» About this exercise
Your answer should hold exactly the lines below from the line with "Поскольку мы стерли" through the line with "五矿期货-聚酯周报:聚酯逐渐走入淡季,原料估值回调-260110", both included, and no pictures at all.

» Data in this exercise
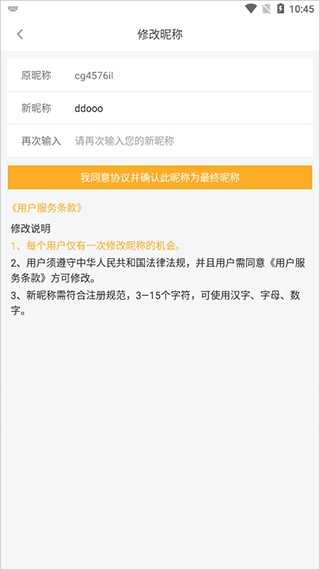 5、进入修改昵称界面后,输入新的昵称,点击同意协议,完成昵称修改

--

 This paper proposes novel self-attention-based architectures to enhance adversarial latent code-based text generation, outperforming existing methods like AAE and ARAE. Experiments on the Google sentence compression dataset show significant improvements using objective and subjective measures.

* * *

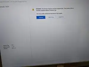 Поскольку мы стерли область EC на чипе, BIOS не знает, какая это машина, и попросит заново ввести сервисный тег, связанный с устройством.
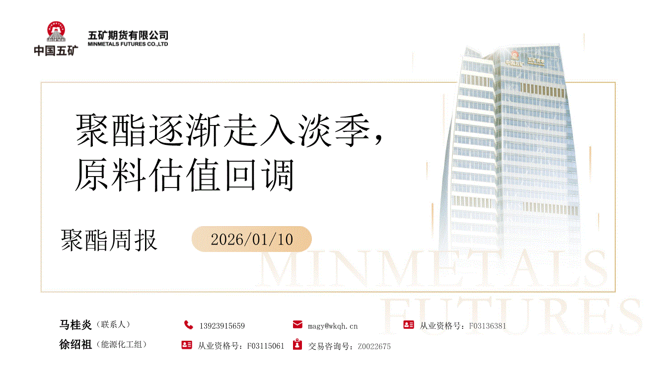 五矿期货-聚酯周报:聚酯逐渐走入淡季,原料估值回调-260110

» Exercise response
 Поскольку мы стерли область EC на чипе, BIOS не знает, какая это машина, и попросит заново ввести сервисный тег, связанный с устройством.
 五矿期货-聚酯周报:聚酯逐渐走入淡季,原料估值回调-260110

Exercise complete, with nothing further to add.